Minus the Error: Testing for Positive Selection in the Presence of Residual Alignment Errors

Positive selection is an evolutionary process which increases the frequency of advantageous mutations because they confer a fitness benefit. Inferring the past action of positive selection on protein-coding sequences is fundamental for deciphering phenotypic diversity and the emergence of novel traits. With the advent of genome-wide comparative genomic datasets, researchers can analyze selection not only at the level of individual genes but also globally, delivering systems-level insights into evolutionary dynamics. However, genome-scale datasets are generated with automated pipelines and imperfect curation that does not eliminate all sequencing, annotation, and alignment errors.
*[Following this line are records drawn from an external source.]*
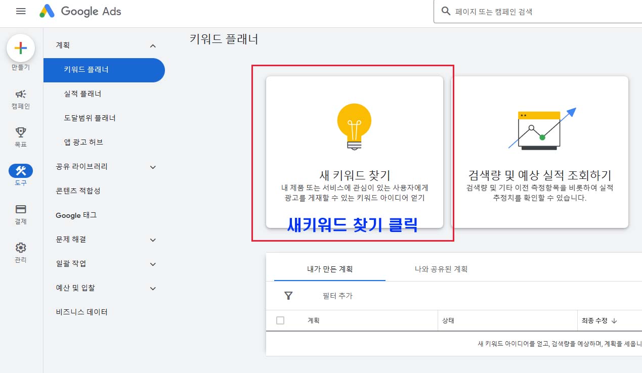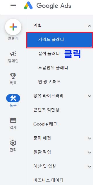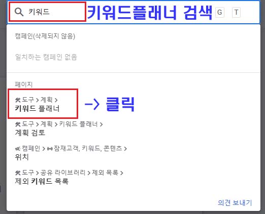 키워드플래너를 검색 그리고 클릭하는 것도 방법입니다.
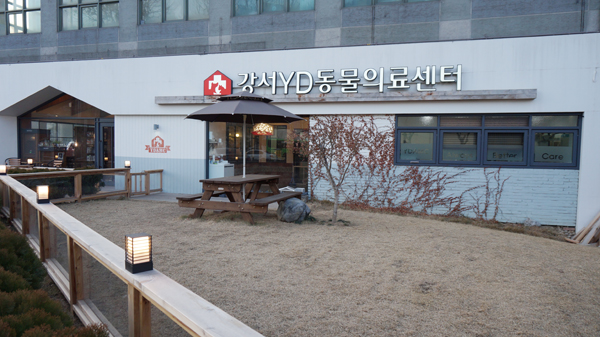 강서구청 입구 교차로에 위치한 강서YD동물의료센터(공동원장 명정웅`허동영)는 유난히 넓은 정문 앞 인도와 블록까지 이어진 탁 트인 공간에 동물병원 전경이 한눈에 들어오는 자리에 있다.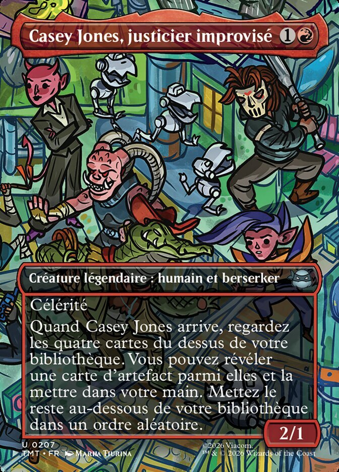 | Rules | Haste When Casey Jones enters, look at the top four cards of your library. You may reveal an artifact card from among them and put it into your hand. Put the rest on the bottom of your library in a random order. |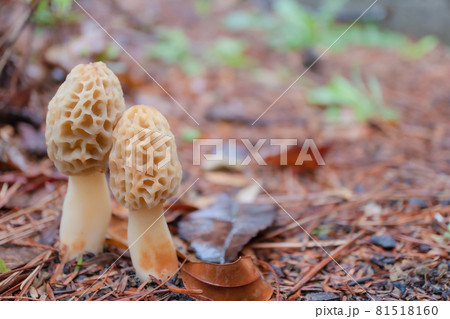 Set of Morel mushroom showing its textured cap and stem isolated on a white background.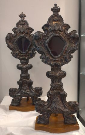 Superbe paire de reliquaires en plaque d'argent repoussé sur base en bois. Naples 1763 Dimensions : hauteur 73 cm
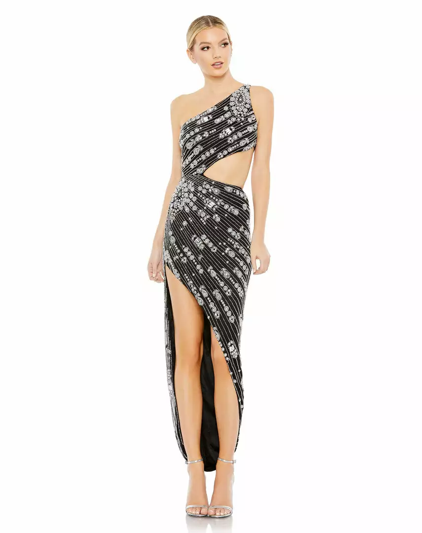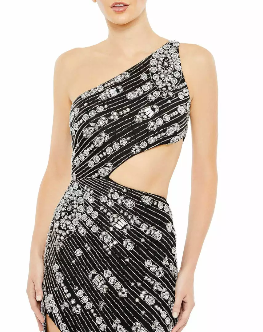 Mac Duggal Beaded One Shoulder Cut Out Gown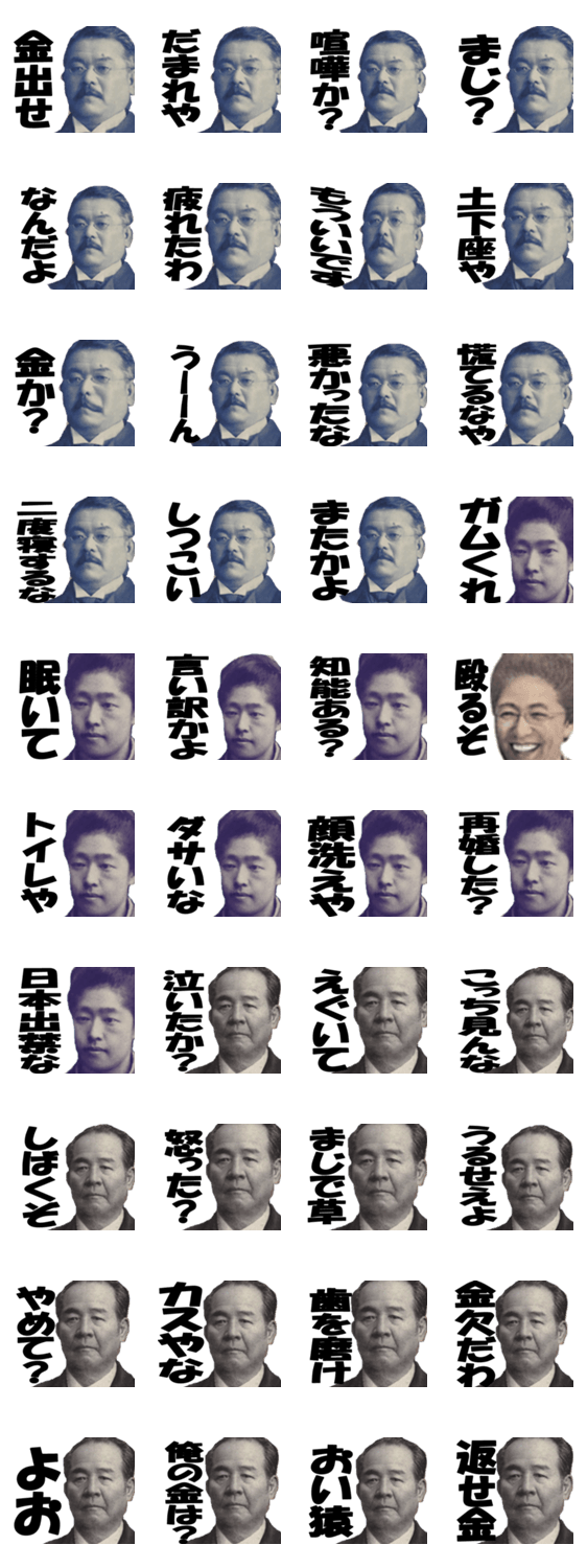日常会話や家族のグループラインで毎日使える新貨幣スタンプ 新紙幣/新札/渋沢栄一/津田梅子/北里柴三郎/一万円/五千/千円/うざい/クイズ/お金/面白い/ボケ/シュール/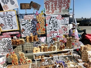 この日、大磯漁港で「おさかな朝市」が開催されているとのこと、まずは見学に。あいにく、海が荒れているため漁は中止でしたが、港では市内のお店や・バザーの出店で賑やかに開かれていました。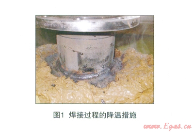 在焊接Fitting過(guò)程中,溫度監(jiān)控及降溫措施尤為重要。焊接時(shí),在焊縫周邊至少連接4個(gè)感應(yīng)器對(duì)溫度進(jìn)行測(cè)量監(jiān)控,并進(jìn)行相應(yīng)的降溫措施,比如覆蓋含水量適中的粘土或液體冷卻袋于焊接處周邊,有效阻止降低焊接溫度在母管上的傳導(dǎo)。運(yùn)用不同廠家生產(chǎn)的內(nèi)襯材料,感應(yīng)器與焊縫間、降溫物質(zhì)與焊縫間的距離設(shè)置各不相同,通過(guò)溫度感應(yīng)器測(cè)量得到的最高允許溫度值也不同。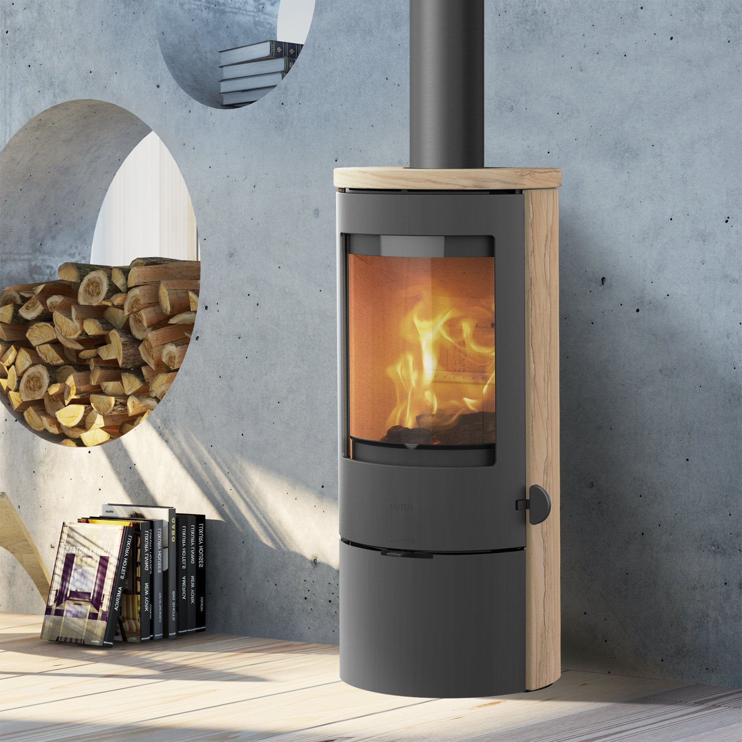 Der Lotus Prestige Basic Sand ist ein hochwertiger 5 kW Kaminofen mit einzigartiger Sandsteinverkleidung, hoher Wärmespeicherung und moderner Turbo-Clean Scheibenreinigung. Ideal für Räume bis 120 m³, flexible Installation dank Abgang oben oder hinten sowie individuelle Tür- und Griffvarianten. Skandinavische Qualität und elegantes Design vereint in einem leistungsstarken Holzofen.
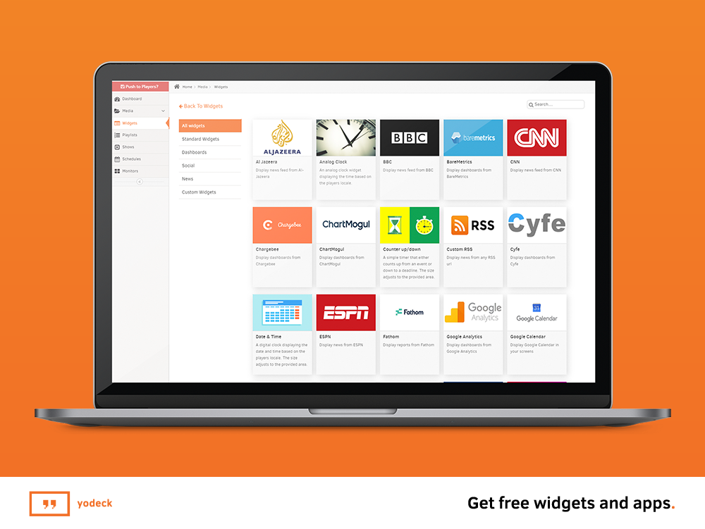 Creating, scheduling, and designing content is a breeze with Yodeck's web-based tools. To effectively communicate with your key demographics, you can utilize eye-catching media such as videos, images, PDFs, Office documents, data dashboards, and social media feeds.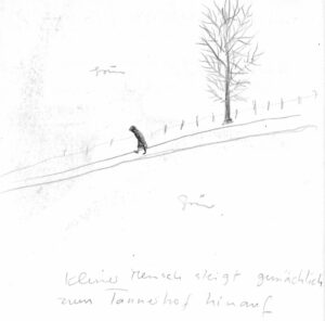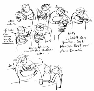 Jutta Bauer teilt mit uns Entwürfe und Skizzen, von denen manche so fragil und undefiniert sind wie die flüchtigen Gedanken, die sie versuchen fest zu halten.

Positive selection inference methods are highly sensitive to such errors. We present BUSTED-E: a method designed to detect positive selection for amino acid diversification while concurrently identifying some alignment errors. This method builds on the flexible branch-site random effects model (BUSTED) for fitting distributions of dN/dS, with a critical modification: it incorporates an “error-sink” component to represent an abiological evolutionary regime. Using several genome-scale biological datasets that were extensively filtered using state-of-the art automated alignment tools, we show that BUSTED-E identifies pervasive residual alignment errors, produces more realistic estimates of positive selection, reduces bias, and improves biological interpretation. The BUSTED-E model promises to be a more stringent filter to identify positive selection in genome-wide contexts, thus enabling further characterization and validation of the most biologically relevant cases.